§ WHAT YOU NEED TO DO
In the listing below, find the line holding "Light up your" and the line holding "The NcStar Vism". Write out those two lines and all lines between, exactly, and nothing more.

§ SUPPLIED MATERIAL
+ + + +

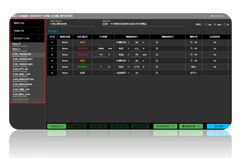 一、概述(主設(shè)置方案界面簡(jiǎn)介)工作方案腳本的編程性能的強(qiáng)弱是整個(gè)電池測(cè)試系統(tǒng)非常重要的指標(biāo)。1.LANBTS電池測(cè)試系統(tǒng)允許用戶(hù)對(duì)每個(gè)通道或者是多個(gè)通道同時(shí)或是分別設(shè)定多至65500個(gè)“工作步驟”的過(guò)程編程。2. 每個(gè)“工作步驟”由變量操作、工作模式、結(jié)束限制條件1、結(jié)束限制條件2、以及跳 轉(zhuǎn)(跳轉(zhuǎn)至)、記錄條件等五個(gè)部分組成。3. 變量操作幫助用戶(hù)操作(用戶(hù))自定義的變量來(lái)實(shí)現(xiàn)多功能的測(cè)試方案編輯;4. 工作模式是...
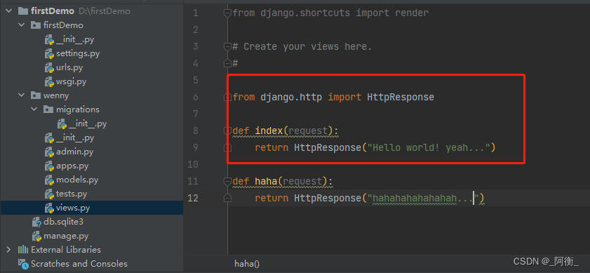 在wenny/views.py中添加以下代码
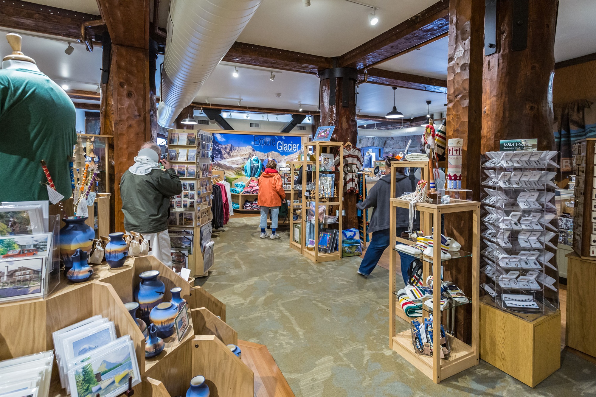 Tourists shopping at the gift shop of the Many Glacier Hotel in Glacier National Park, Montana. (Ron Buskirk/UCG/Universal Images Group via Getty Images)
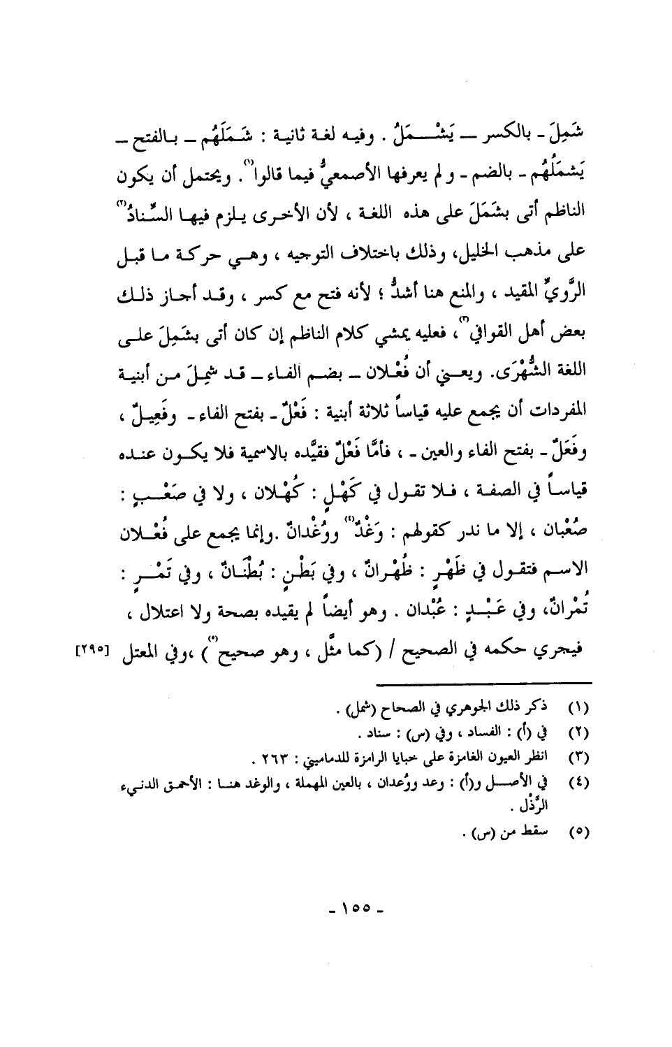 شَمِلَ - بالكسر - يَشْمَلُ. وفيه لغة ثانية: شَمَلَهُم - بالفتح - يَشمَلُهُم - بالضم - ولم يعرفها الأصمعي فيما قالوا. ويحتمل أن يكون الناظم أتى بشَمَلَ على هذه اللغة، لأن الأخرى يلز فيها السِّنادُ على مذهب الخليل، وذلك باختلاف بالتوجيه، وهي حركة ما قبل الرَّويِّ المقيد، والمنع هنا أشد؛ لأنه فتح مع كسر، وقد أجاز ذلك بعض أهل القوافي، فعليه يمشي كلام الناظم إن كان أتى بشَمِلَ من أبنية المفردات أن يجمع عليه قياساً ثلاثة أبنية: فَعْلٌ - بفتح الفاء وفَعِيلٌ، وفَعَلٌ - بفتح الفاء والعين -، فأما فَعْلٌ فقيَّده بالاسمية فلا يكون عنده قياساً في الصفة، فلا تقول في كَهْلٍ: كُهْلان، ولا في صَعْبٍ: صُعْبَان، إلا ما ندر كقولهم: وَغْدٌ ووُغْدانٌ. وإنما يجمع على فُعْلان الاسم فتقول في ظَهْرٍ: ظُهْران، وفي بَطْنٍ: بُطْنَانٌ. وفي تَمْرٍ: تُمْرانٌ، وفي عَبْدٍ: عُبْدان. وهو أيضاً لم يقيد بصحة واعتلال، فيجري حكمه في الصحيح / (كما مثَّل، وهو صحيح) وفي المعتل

+ + + +

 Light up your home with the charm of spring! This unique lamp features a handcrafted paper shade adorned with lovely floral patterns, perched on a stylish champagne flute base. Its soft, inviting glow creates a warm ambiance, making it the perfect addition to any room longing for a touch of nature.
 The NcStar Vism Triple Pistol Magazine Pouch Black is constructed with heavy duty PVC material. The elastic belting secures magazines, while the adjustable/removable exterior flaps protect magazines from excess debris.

+ + + +

§ RESPONSE TO THE TASK
 Light up your home with the charm of spring! This unique lamp features a handcrafted paper shade adorned with lovely floral patterns, perched on a stylish champagne flute base. Its soft, inviting glow creates a warm ambiance, making it the perfect addition to any room longing for a touch of nature.
 The NcStar Vism Triple Pistol Magazine Pouch Black is constructed with heavy duty PVC material. The elastic belting secures magazines, while the adjustable/removable exterior flaps protect magazines from excess debris.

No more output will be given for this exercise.